That said, I have a few reason to look up for a new one.

(1) The first red flag for me is that he does not demostrate. There is a violin, which he never plays, apparently because he has some sickness and can't move a lot; in fact, he plays the piano, and he said that sometimes his arms hurt at night because of that. This would add up to my feeling bad if I get a new one.

(2) I live in south america. Maybe a lot of books to which now I have access were unavailable to him. Still, the fact that he doesn't even know the existence of Sevick, Wohlfahrt, Kayser, Hrimaly, and other books that according to most people are "basic" is odd, is that another red flag?

I've practice some of them on my own, but shouldn't any teacher by familiar with some etudes?

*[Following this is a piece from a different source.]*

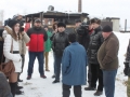 На территории каких-то значимых изменений с последнего посещения волонтерами приюта не было. Даже казалось, что в выходные никто и не собирался очищать снег и менять солому. В уличной печке варилось месиво, никак не соответствующее оговоренным ранее 20 кг мяса и геркулесу.

(3) Should I question his pedagogy? This is a problem, because I don't know if I am in a position to do that. One thing I find odd is the way he teaches positions: while most books introduce third and fifth, he proceeds by numeric order.

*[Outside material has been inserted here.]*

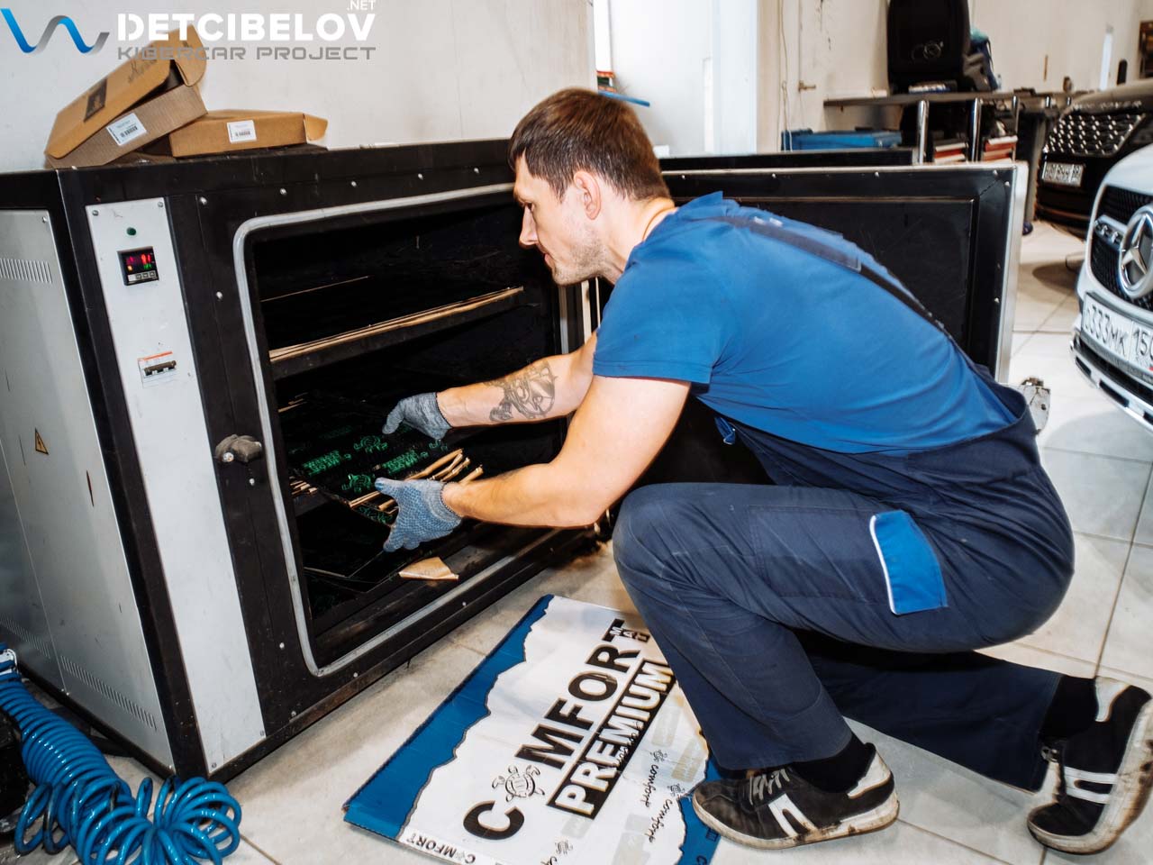 На этом этапе также подготавливаем материалы: проводим расчеты, вырезаем шумо- и виброизоляцию, при необходимости – нагреваем до высокой температуры, используя специальные печи. Предварительный разогрев шумоизоляции упрощает монтаж и повышает его качество.

I also think is strange the fact that I am supposed to play second position in two different positions, this is, to play a D minor scale, I have to play B b, and according to him I move the hand until my first finger is on B b, instead of what seems the standard according to everyone else: hand until the first finger is on B, and move the first finger back if needed.

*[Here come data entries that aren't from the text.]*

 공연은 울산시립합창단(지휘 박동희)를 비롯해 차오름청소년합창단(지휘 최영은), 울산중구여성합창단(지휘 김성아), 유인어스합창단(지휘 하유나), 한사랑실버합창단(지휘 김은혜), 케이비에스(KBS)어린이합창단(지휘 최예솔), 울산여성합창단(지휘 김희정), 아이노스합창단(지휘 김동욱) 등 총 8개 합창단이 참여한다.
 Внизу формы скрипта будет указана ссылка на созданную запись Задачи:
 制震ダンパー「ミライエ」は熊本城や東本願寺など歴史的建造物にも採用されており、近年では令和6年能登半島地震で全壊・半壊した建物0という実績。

Now he wants some of us to take an exam. The exam will be held in a different school. Instead of giving me a selection of pieces, I had to look for some pieces he considered are acceptable for our level.

I still have at least two lessons with him (I paid every month upfront). I wonder if I should change teachers after this two lessons? Although I like the idea of taking an exam, I think I may be better with a different teacher. I haven't been able to find many violin professionals where I live, but there is a another violin teacher who plays viola in our country national orchestra.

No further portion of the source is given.